Она расхохоталась: показывали собаку, у которой нос застрял в консервной банке.

– Ты с ними знакома?

– Что? Нет. Они живут в Юте, что ли, или еще где-то. Нашла их на сайте.

Сайт назывался «АнкетыРодителей. ком»; какая-то женщина из «Семейных услуг Филомены» прислала ей ссылку сколько-то месяцев назад.

– Почему Эми и Гэри? – Я перелистывала страницу за страницей опрятных, страждущих пар. – Почему не Джим и Гретчин? Или не Даг и Дени́с?

– У них хорошие предпочтения.

Я заглянула в их предпочтения. Любимая еда у Эми – пицца и начос, у Гэри – кофейное мороженое. Обоим нравились собаки, восстановление классических автомобилей и «Самые смешные домашние съемки Америки». Гэри нравились студенческие футбол и баскетбол. Любимая праздничная традиция Эми – делать домики из имбирного печенья.

– Какое предпочтение у тебя самое предпочтительное?

Она поглядела из-за моего плеча.

– Там было что-то про уток? Прокрути вниз. – Она прищурилась на экран. – Может, это у кого-то другого. Имбирные домики – мне нравится.

– Таков был решающий фактор?

– Нет. Но ты глянь на их амбар. – Она ткнула в заглавную картинку.

– Это общее фото – оно тут на каждой странице.

– Нет, это их амбар. – Она попыталась тыкнуть мышкой в амбар. – Да не важно, они уже утверждены.

– Ты им написала по электронной почте?

– Кэрри написала, из «СУФ». Мне с ними даже встречаться не надо.

Она и впрямь все сделала. Анкеты уже заполнены.

– Ты ездила в контору, подписывала бумаги?

– Кэрри мне прислала в почту. Я все сделала онлайн.

Улитка ползла по книжной полке вверх. Я положила ее в Риково ведро.

– Ты вписала отца?

– Я сказала, что не знаю.

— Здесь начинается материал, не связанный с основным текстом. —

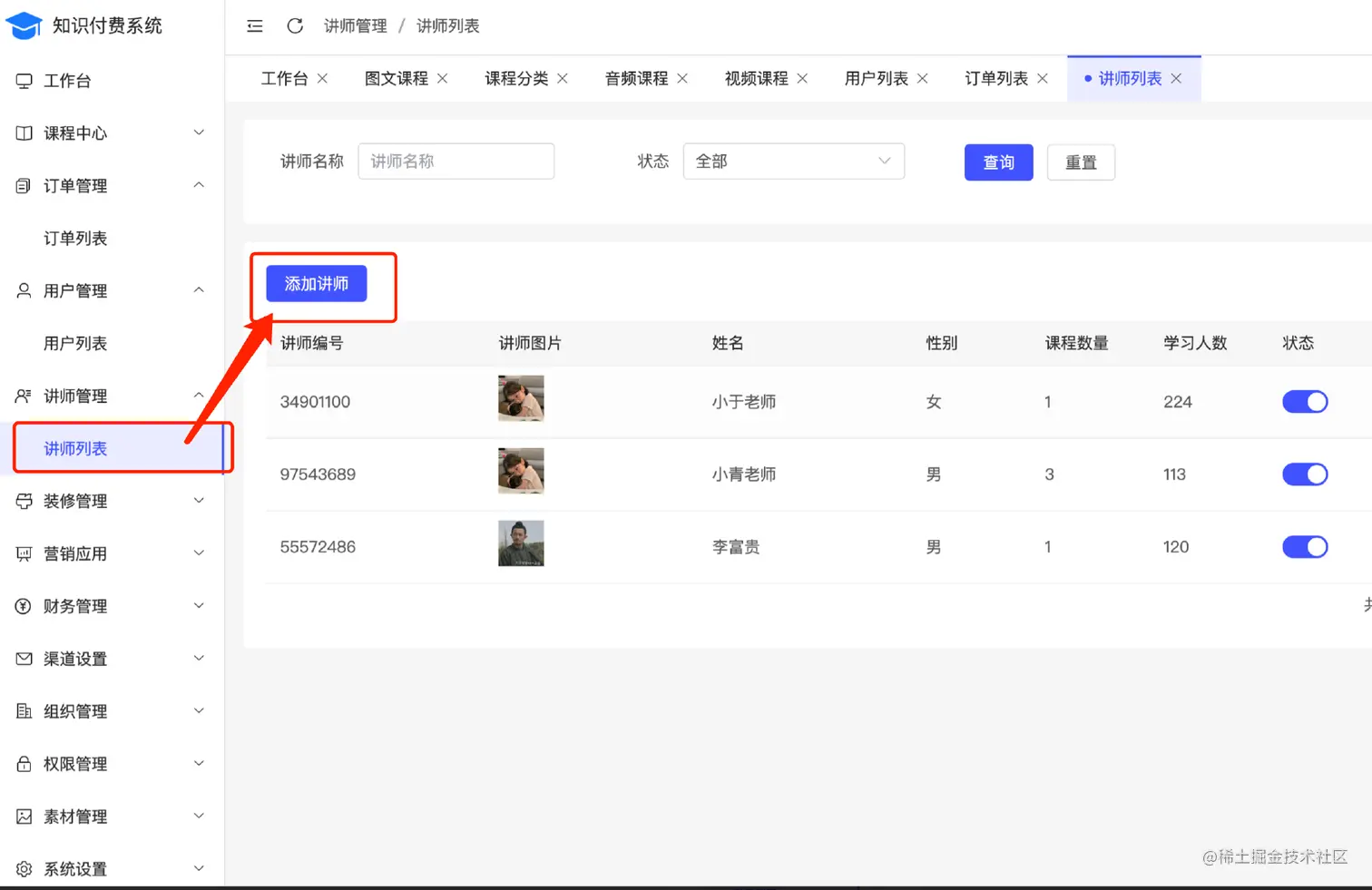 4.讲师管理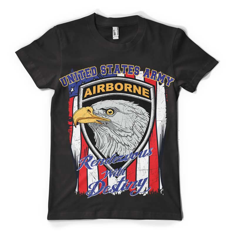 Airborne t-shirt design features a detailed screen print of symbol of liberty now available for Adobe Illustrator, Adobe Photoshop and Corel Draw and can be used for digital printing and screenprinting .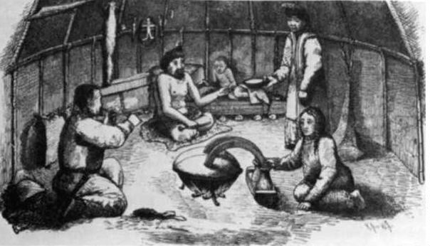 The arrangement of the kibitka's interior space expresses two principles.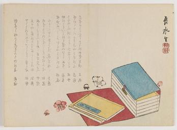 | Keywords: Brooklyn Museum - Set of Books with Cherry Blossoms - Chôsui Yabu.jpg Artwork Creator Chôsui Yabu Set of Books with Cherry Blossoms between 1858 1862 Woodblock print <br /> Chûban <br /> yoko-e cm 18 1 24 8 Institution Brooklyn Museum Brooklyn Museum location asia Artwork-provenanceorcl gift Dr Eleanor Z Wallace Dr Stanley Wallace ja signature Chôsui sei ja seal Shûtei http //www brooklynmuseum org/opencollection/objects/164549/Set_of_Books_with_Cherry_Blossoms Online Collection of Brooklyn Museum; Photo Brooklyn Museum 2002 121 29_IMLS_PS3 jpg 2002 121 29 Brooklyn_Museum-no_known_restrictions PD-old-100 Chōsui Yabu Asian art in the Brooklyn Museum Sakura in art Books in art |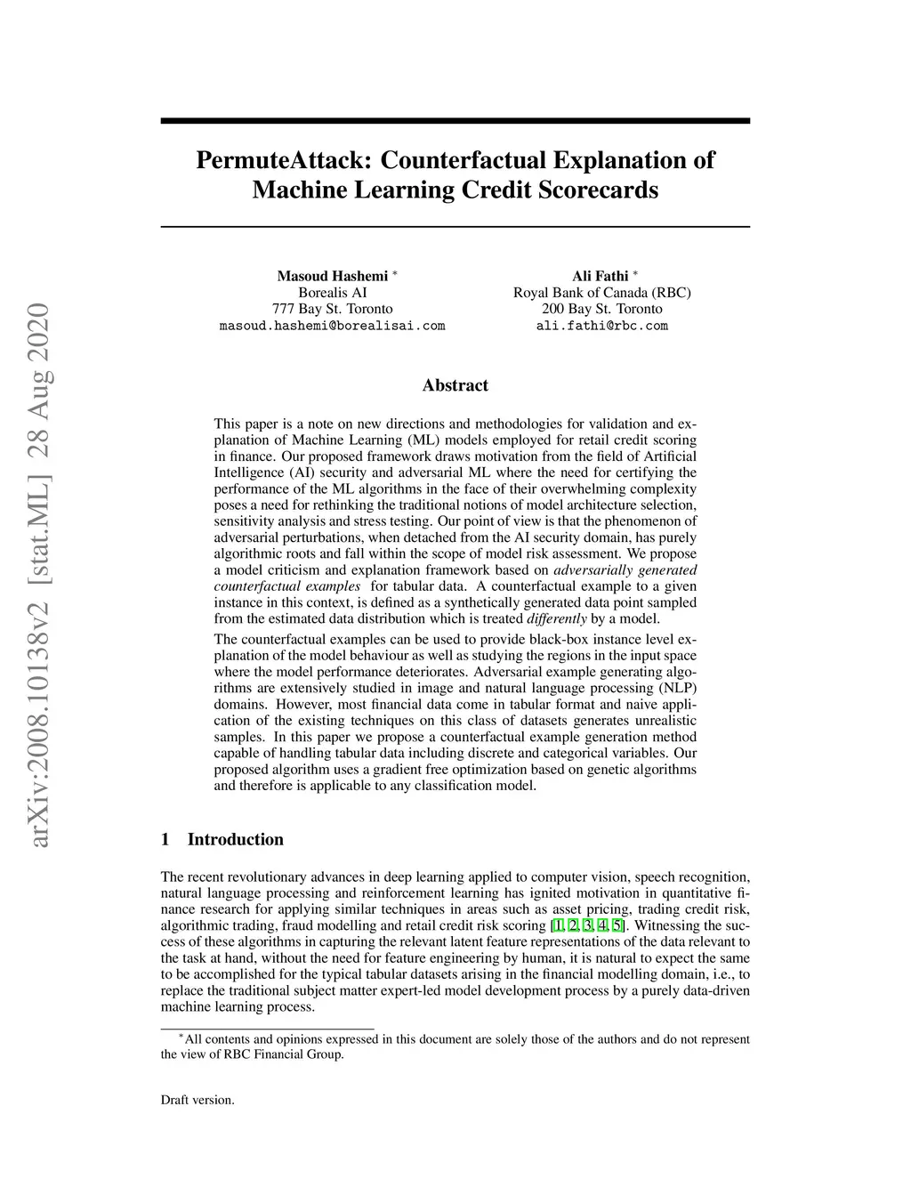 PermuteAttack: Counterfactual Explanation of Machine Learning Credit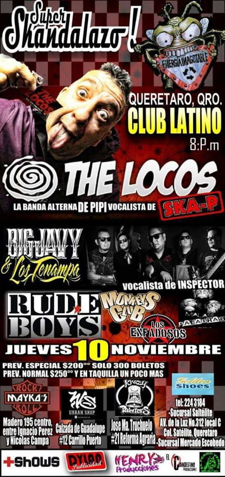 En su presentación en México Pipi, integrante de la también famosa agrupación SKA-P Juanan (trompeta), Fer (guitarra), Iván (batería), Tommy (bajo) y Borja (trombón), compartirán escenario con bandas como Rude Boys, La Parranda Magna, Hijos del Muerto, Jamaica Sonora, entre otras.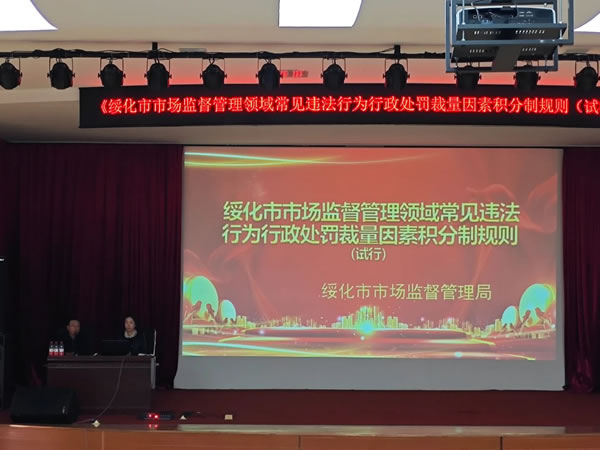 李英巍科長詳細闡述了市場監督管理領域常見違法行為行政處罰裁量因素積分制規則,并宣讀了《綏化市市場監督管理領域常見違法行為行政處罰裁量量化表》,此規則進一步規范了市場監督執法人員的自由裁量權,統一了我市市場監管部門行政處罰自由裁量權適用規則,統一行政處罰事項,統一法律依據,統一裁量幅度,為依法行政、合理行政提供了可靠依據,確保公正執法、統一執法。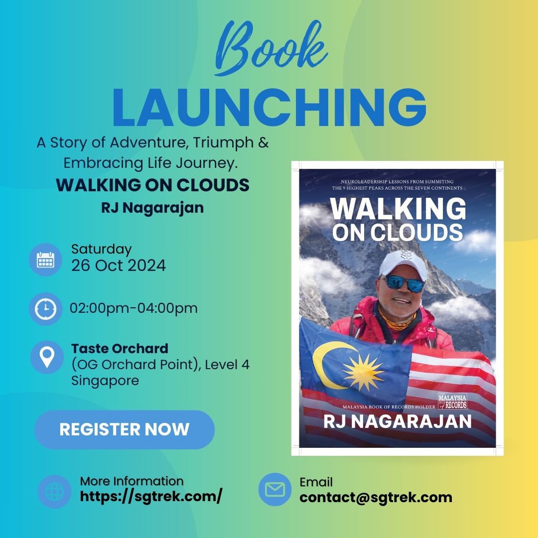 We are thrilled to invite you to the exclusive book launch of “Walking on Clouds” by Mr. RJ Nagarajan. Join us as he shares his captivating journey of adventure, triumph, and embracing life’s challenges through mountaineering.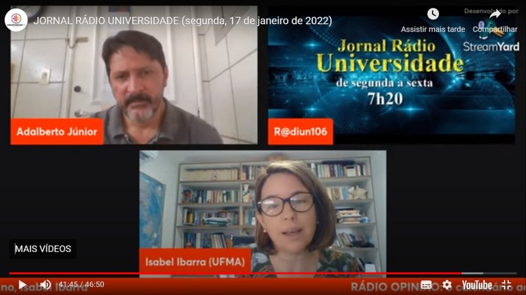 Na manhã do dia 17 deste mês, a pró-reitora de Ensino da Universidade Federal do Maranhão, professora Isabel Ibarra, participou de uma entrevista no quadro Rádio Opinião, do Jornal Rádio Universidade, da Universidade FM 106,9 para comentar o calendário acadêmico da UFMA para o primeiro semestre de 2022.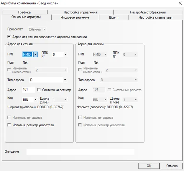 Добавим поле ввода данных частоты вращения двигателя. Из бокового меню выберем: Компоненты ПЛК → Ввод числа. В параметрах укажем тип адреса: D, адрес: 101 (Рис. 12).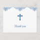Este clássico e tradicional obrigado que você faz do cartão-postal para um batismo ou batizante de meninos apresenta uma cruz azul e um design azul decorativo no topo do cartão-postal. Adicione seu endereço de retorno à parte traseira e qualquer texto adicional, se desejar.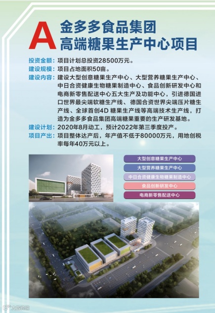 本次集中动工(投产)项目涵盖产业、城建、交通基础设施、民生等多领域。其中投资近3亿元的金多多项目在区发展和改革局、服务企业专责小组的提前介入、反复协调及“保姆式”服务下,运用“容缺审批”“投资承诺制”,从8月27日土地摘牌到8月28日动工仅用24小时,刷新全市记录,再现“高新速度”。该项目将建设大型创意糖果生产中心等五大生产及功能中心,引进世界最尖端软糖生产线,打造高端糖果生产研发基地。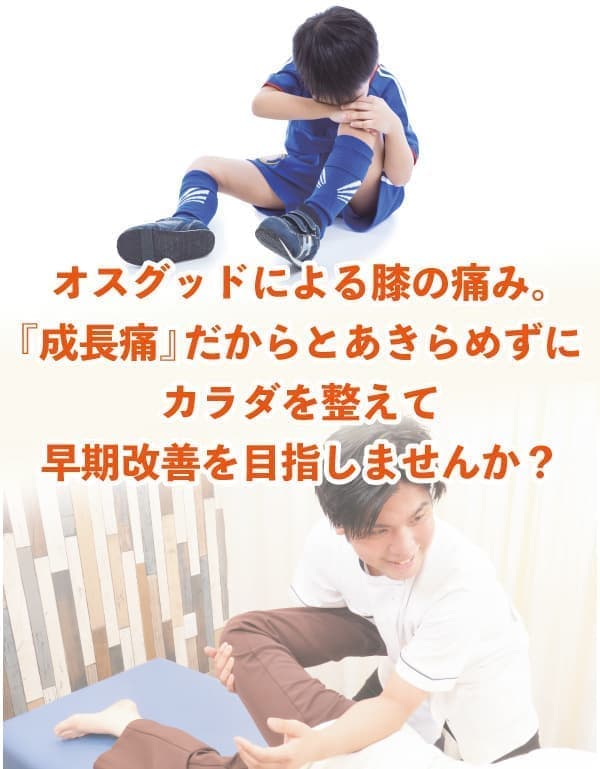 オスグッドの場合、骨盤がずれて前傾しているため、太ももの筋肉に負担がかかり、膝下の出っ張った骨を押して痛みを生じます。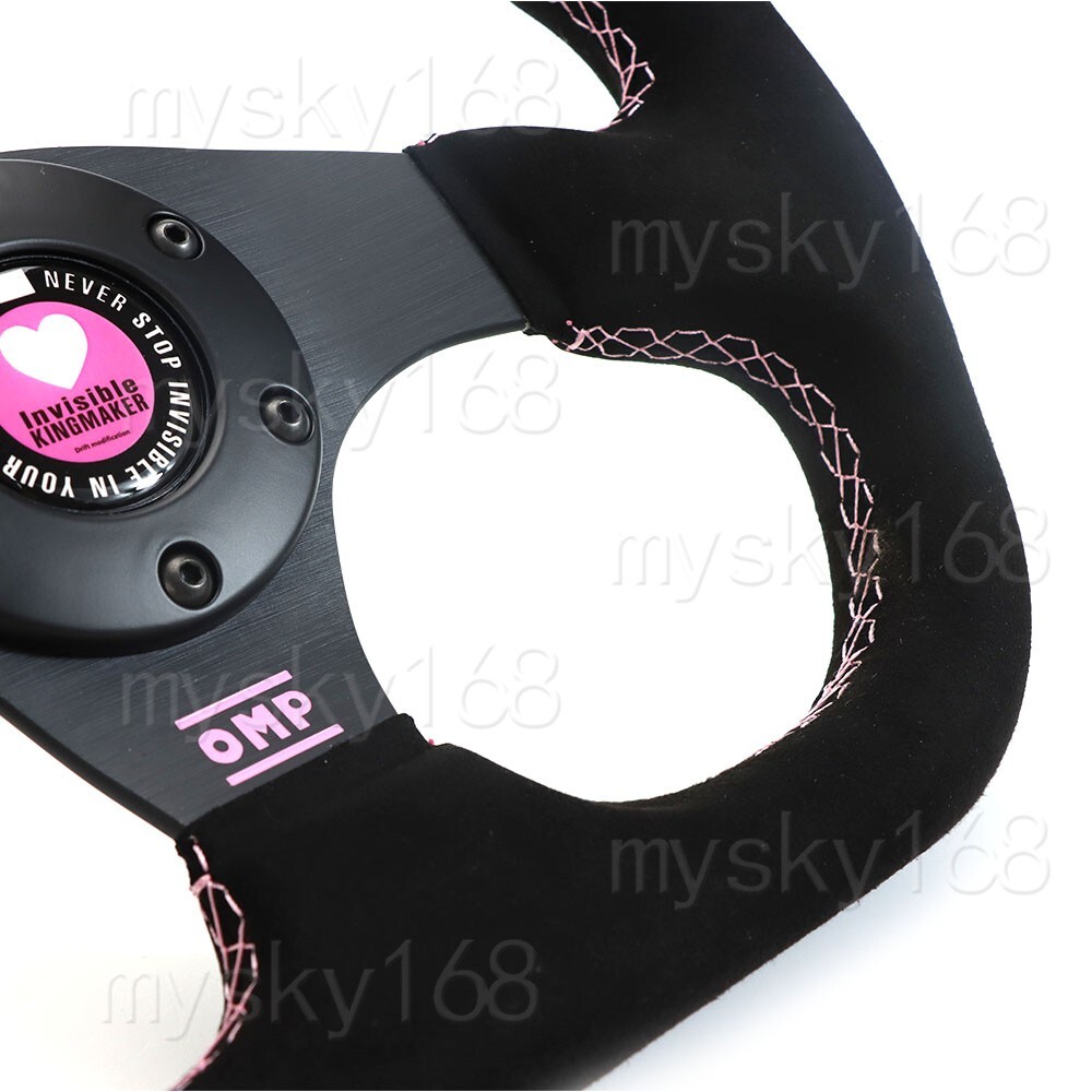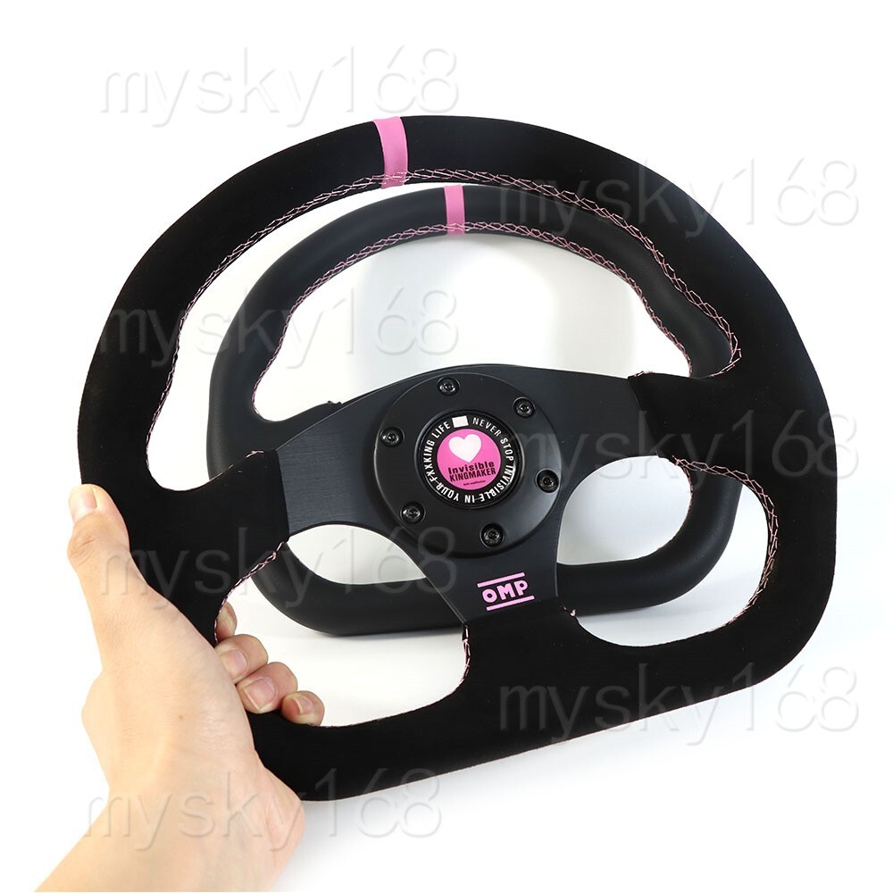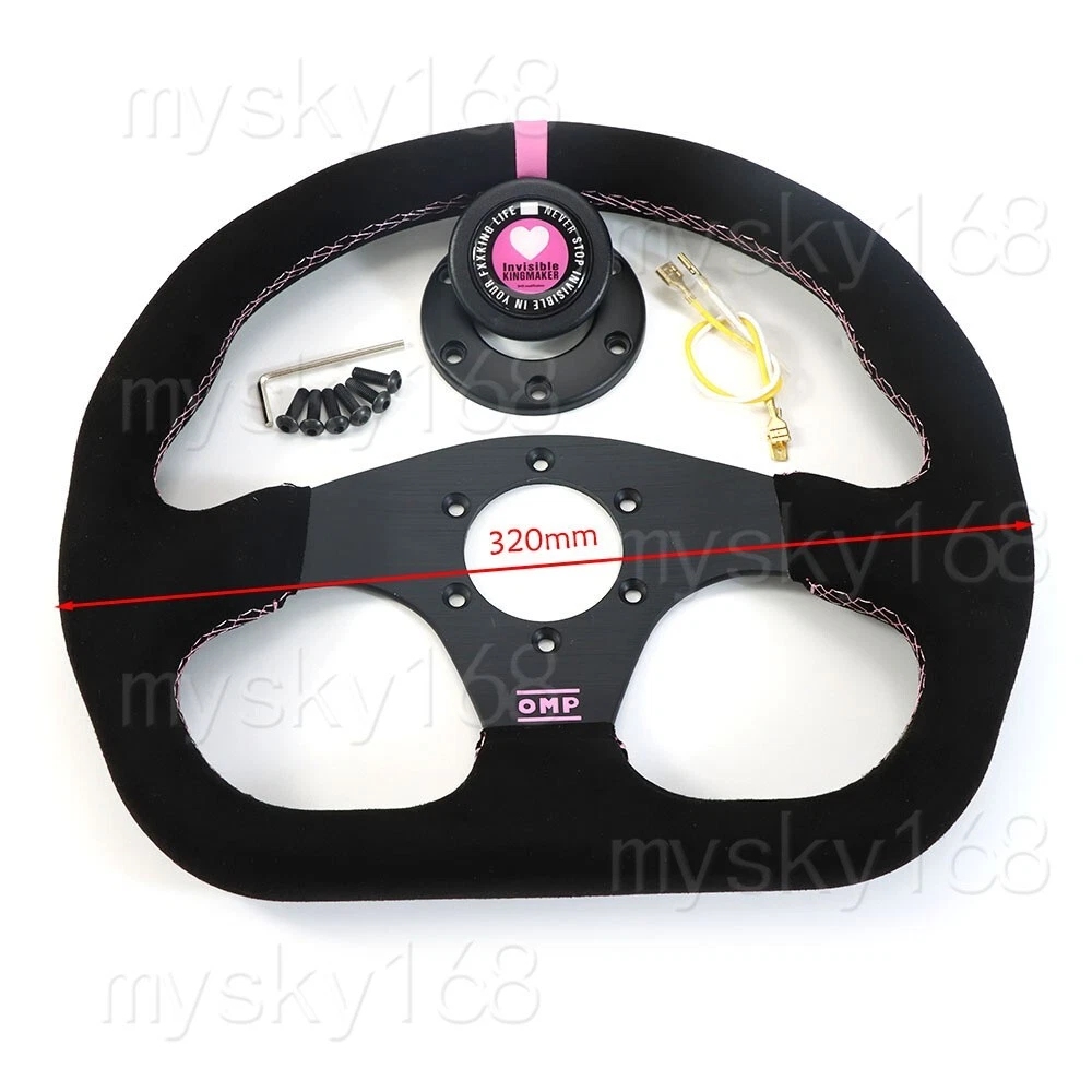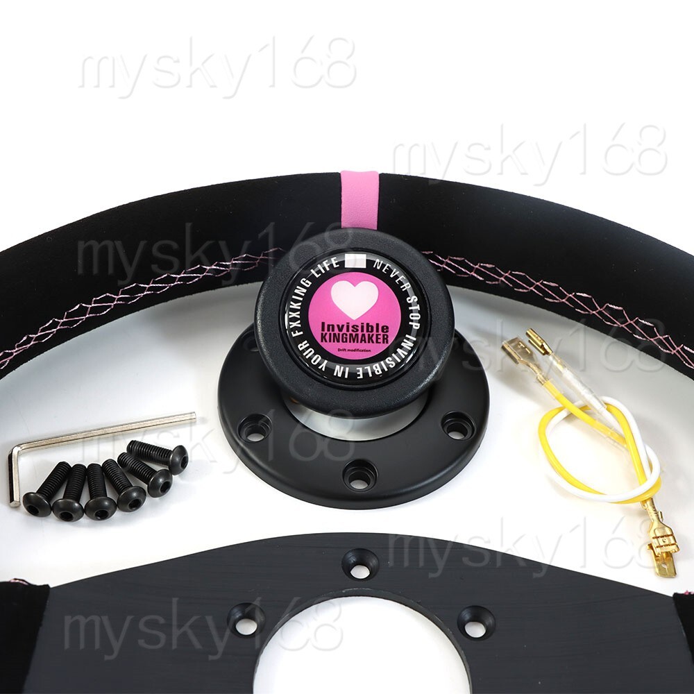Material: Aluminum Alloy + Perforated Leather Color:Black Spoke,pink Stitching Diameter: Approx. 320mm/12.5inch Standard 6 Bolt Fitment, Universal fit for most Aftermarket Boss kit (Boss kit / Adapter Hub is required but not include) Packing list 1 x Steering Wheel 1 x Horn Button 2 x Horn Connecting Cables 6 x Screw 1 x L Wrench

Нет такого закона, чтоб я обязательно сказала.

Я еще раз посмотрела на страницу Эми и Гэри. На вид милые – кроме Гэри. Гэри выглядел так, будто носил солнечные очки – даже когда их на нем не было. Морда кирпичом. Залезла по ссылке «Наши письма вам». «Мы осознаем, насколько это невероятно трудное для вас время. Ваши любовь и сострадание к ребенку безмерны». Я глянула на Кли.

– Ты бы сказала, что сейчас у тебя невероятно трудное время?

Она оглядела комнату – проверила, действительно ли.

– Кажется, у меня порядок. – Несколько раз кивнула. – Ага, все у меня хорошо.

Я нахмурилась от гордости.

– Это всё гормоны.

Тут у меня все получалось. Я была хорошей матерью. Я хотела рассказать Рут-Энн – какая мука, что она не знает. Но, может, знает. Может, я каким-то образом все еще под ее присмотром. Я заправила волосы за уши и улыбнулась компьютеру.

– Сходи на «РастиДитя. ком», – сказала Кли.

Я пролистала «Эмбриогенез».

– Надо пройти опорно-двигательный аппарат. Такое пропускать нельзя.

Но срок у нее истекал через три недели. Ее тело, скорее всего, сможет довершить дело и без подсказок. Я зашла на «РастиДитя. ком».

– «Разговаривать, петь или мурлыкать мелодию вашему ребенку – увлекательный способ укрепить связь между вами еще во время беременности. Распевайтесь-ка – и даешь Бродвей!»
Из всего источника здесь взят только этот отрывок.